Sarah’s story: "I liked myself again after going alcohol-free."

March 2024 | 9 minutes

Navigating an alcohol-free lifestyle isn't easy, but for Sarah it brought her joy and confidence.

I strongly believe lots of people are drinking like I was. That ‘grey area’ drinking that is socially acceptable. It isn’t addiction or dependency but nor is it moderate and occasional. I had no rock bottom, I wasn’t drinking every day, drinking in the morning or drinking in secret. I could have carried on exactly as I was. But I was drinking enough to hold me back from living my life fully. Enough to know I wasn’t being or doing my best.

Life had become a treadmill. My plans, goals and dreams would take one step forward during the week and one step back at the weekend, “I’ll start again on Monday”……and so I was getting nowhere. Drinking opportunities are everywhere, not just the big nights out but the ones you hardly notice. . The easy drinking at home that became habitual during covid. Beers in the garden on a sunny afternoon, wine with the weekend takeaway and family Sunday lunch. I found myself sleepwalking into having a bit too much, a bit too often. It was becoming too big a part of my life.

I’m at an age that it's not just an actual hangover, but also the fog the day after that. I was spending half my week operating at half power. Low level anxiety can’t be bothered today, no energy, sleeping poorly, eating poorly, a bit grumpy, a bit impatient, doing just what I had to do but no more than that. My life was getting smaller for it, and I knew it in my quiet moments.

I decided to get off that treadmill. To see what could be possible if I could keep the ‘Wednesday’ version of myself, consistently. The one that was neither recovering from the last weekend nor starting on the next weekend. My first month alcohol-free was novel and new. But ultimately, I just put my life on hold for a month. I didn’t really go out, I scheduled socialising for the following month when I could drink again. I used a lot of willpower and found myself counting down the days until my ‘normal’ life could resume. I didn’t learn a lot about living without alcohol, but the seed was planted, I felt great! I slept well, I took my make up off every night, I was a much calmer and more present mum with my kids, I had more energy. The changes were mainly physical – I felt much less sluggish and much better rested. But a few months later, I found myself back where I had begun.

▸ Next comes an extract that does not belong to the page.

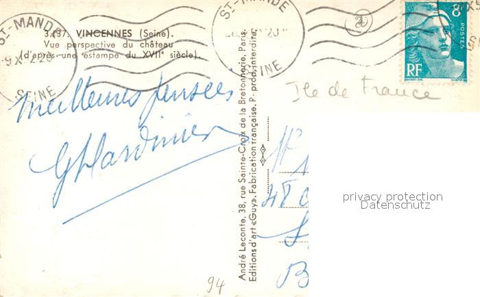 13487804 Vincennes Vue perspective du Chateau d_après une estampe du XVIIe siècle Künstlerkarte KatCode 11170094294080
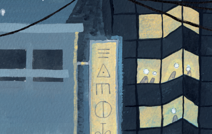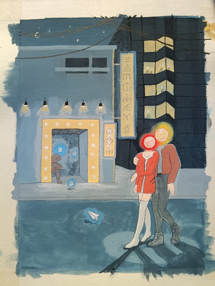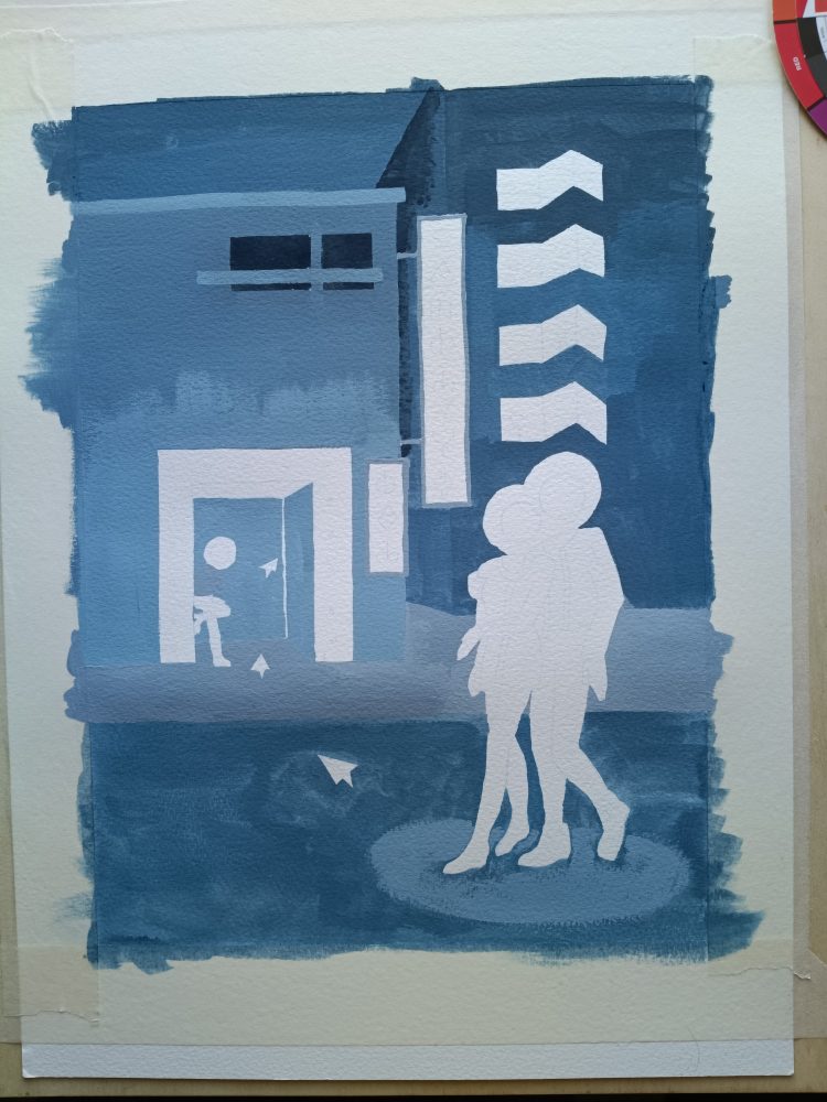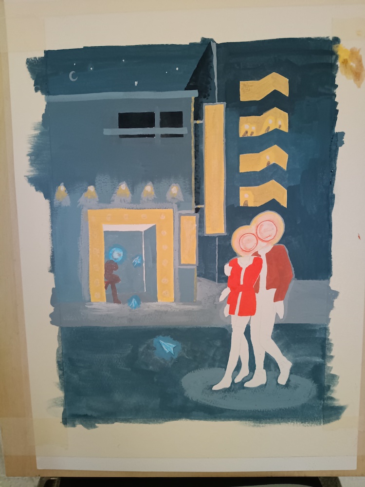 The background is created with a mixture of blue, black and white gouache to create a monochromatic city. Blue feels colder and more alive than grey on its own, which can feel flat. I used a square shape brush to get sharp edges. I layered more paint on top until the contrast looked right, keeping in mind that the couple and lights should stand out.

My second break was three months. I knew this time that a longer break would really mean I change some habits, and this was where the magic lay. It was long enough that I really had to live my life without drinking. There was no pressing pause on my life this time and I downloaded the Try Dry app. Initially it was easy as I was motivated by all the good things I had experienced before and that I knew would come back again. However, this time the changes ran deeper and as I saw them build that motivated me to continue. This length of time changed ME.

Every social situation taught me something new, every struggle brought joy and confidence on the other side as I learnt to navigate it.

It wasn’t always easy, but it was always worth it. I formed new habits, took up new hobbies, found new things to do to deal with triggers and cravings. I had much more energy which I channelled into getting fitter and stronger. I ate better. I felt less stressed and reactive and felt so much more in control of my life.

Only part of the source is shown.